This is a research question. Answering it means reading the category where the change is visible, and for many consumer categories that place is now TikTok. Creators there show a new habit forming while it is still finding its language, often before it appears in sales data or survey results.
The method below walks through how to do that reading properly, step by step.
Where TikTok works as an early signal
TikTok is not a reliable early indicator everywhere. It works best in categories where behaviour is easy to show on camera, like food, beauty, fitness, and the home. In those categories, a new habit often appears in creator content while it is still forming, before it has a name in the wider market.
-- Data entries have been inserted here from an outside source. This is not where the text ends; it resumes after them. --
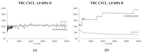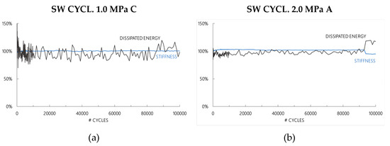 All specimens were loaded 100,000 cycles up to the specific stress level and unloaded to a stress level above 0 MPa to avoid loading the specimens in compression. To compare the different series, focus was put on the evolution of some distinctive fatigue parameters during the cyclic loading: the cycle modulus and the dissipative energy. The modulus per cycle was determined from the hysteresis curve by linear regression and expressed relatively compared to the modulus of the first cycle. The dissipative energy was calculated as the area enclosed by the loading–unloading curve of each cycle. As for the modulus, this was expressed relatively compared to the energy dissipation of the first cycle. The evolution of these different fatigue parameters was observed to be strongly related to the formation of cracks. Without the occurrence of cracks, both the modulus and the dissipative energy remained more or less constant (Figure 8a). Regardless of the applied maximum cycle stress (1.0 MPa or 2.0 MPa), each formation of a crack led to a decrease of the modulus, together with an increase in the dissipative energy (Figure 8b).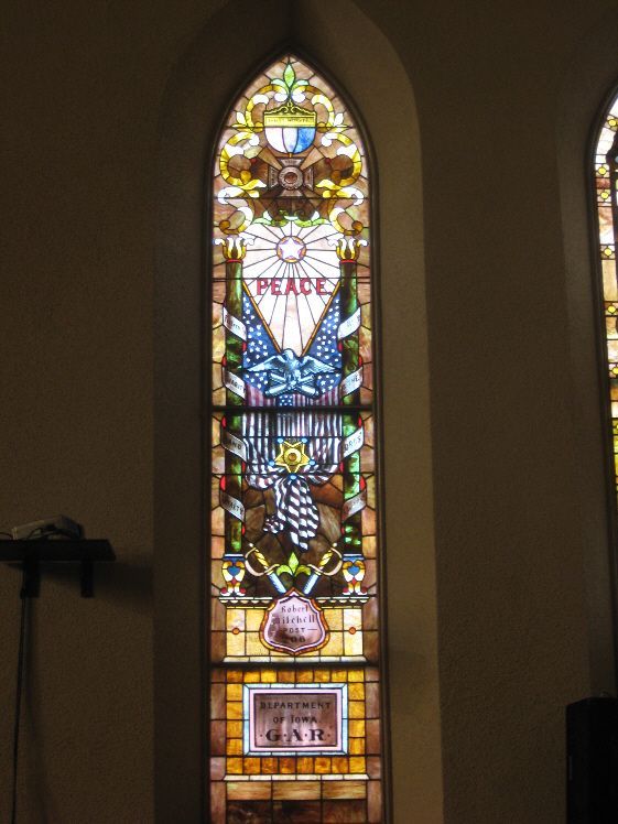 Marion - GAR Stained Glass Window GPS Coordinates: 42.034240 by -91.596616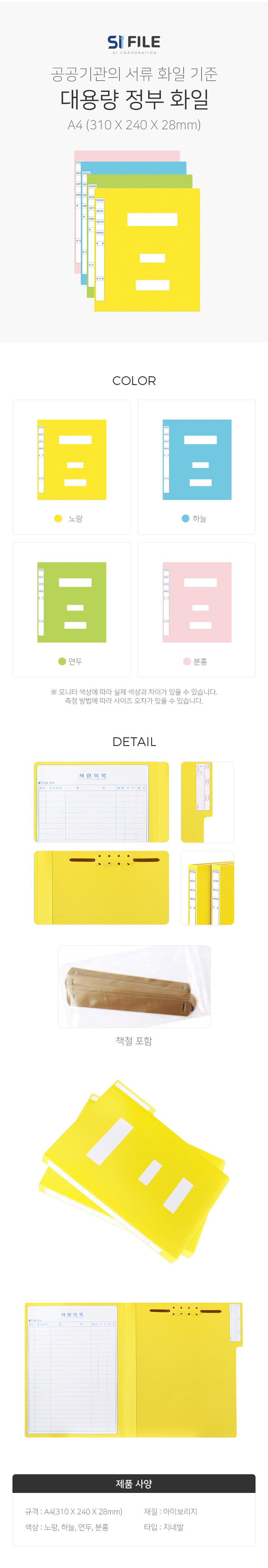 칼라정부화일 대용량(A4/노랑)-팩(10개입)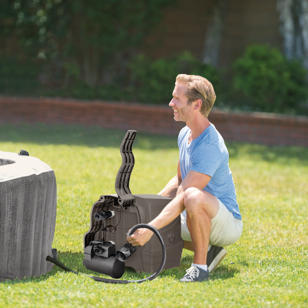 Этот надувной SPA готов менее чем за час: фактически, для сборки технического блока и накачивания элементов требуется 15 минут и 50 минут для заполнения 1098 л воды.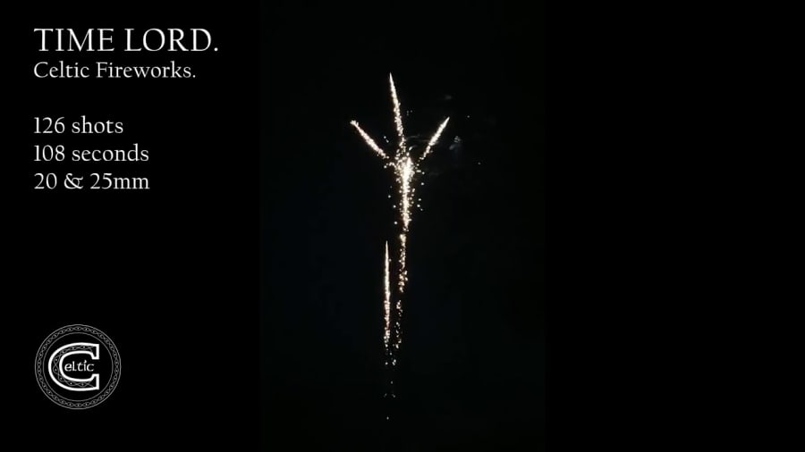 The Timelord is a real mix of effects, colours, and a great duration, ensuring that your fireworks show will be nothing short of spectacular. With 126 shots fired in a straight pattern, this 20mm calibre cake is designed to awe and inspire audiences of all ages.

A note of caution belongs here. You do not get a forecast out of this. You get an early view of which behaviours and stories are starting to take shape, ahead of the point where they reach your usual trackers. Some of what you see stays niche. Some of it is noise. Telling the difference is part of the judgment the method asks for.
Here is how the method works, step by step.

1. The researcher defines the field of observation
Before you look at anyone, you set the frame. This is the researcher’s step, and it is where the rigor comes from:
- The behaviour you are studying.
- The markets and the time period.
- Which creators belong in the field, and which sit outside it.
- The audience size that matters for the question.
For an early-signal study you usually want smaller creators, in the 10,000 to 100,000 follower range, where a niche audience is engaged and a new habit tends to surface first. Write down what counts as a relevant signal, so you can tell later whether you found one.
Setting the frame is what makes this qualitative research rather than scrolling with a purpose. The frame decides what your study is able to claim.
2. A tool finds your starting sample
When you search TikTok yourself, the feed shows you what the algorithm has already learned you like. It is tuned to your history, so it surfaces the loud and the familiar and quietly buries everything outside your habits. That makes your own feed a poor sampling instrument for research.
An AI tool called Tiger Finder helps here. It lets you step outside your own feed and find creators by the parameters you set, the niche, the market, the audience size, and the content type. It assembles a starting sample that matches your frame, which gives you a defensible group of creators to study.

3. The researcher reads the content
This is the heart of the work, and it is entirely human. Take the cottage cheese case and read it in layers:
- Format. Look at what repeats across the videos. The same shapes come up again and again: the bowl, the blender, the macros written into the caption, the recipe filmed as part of a daily routine.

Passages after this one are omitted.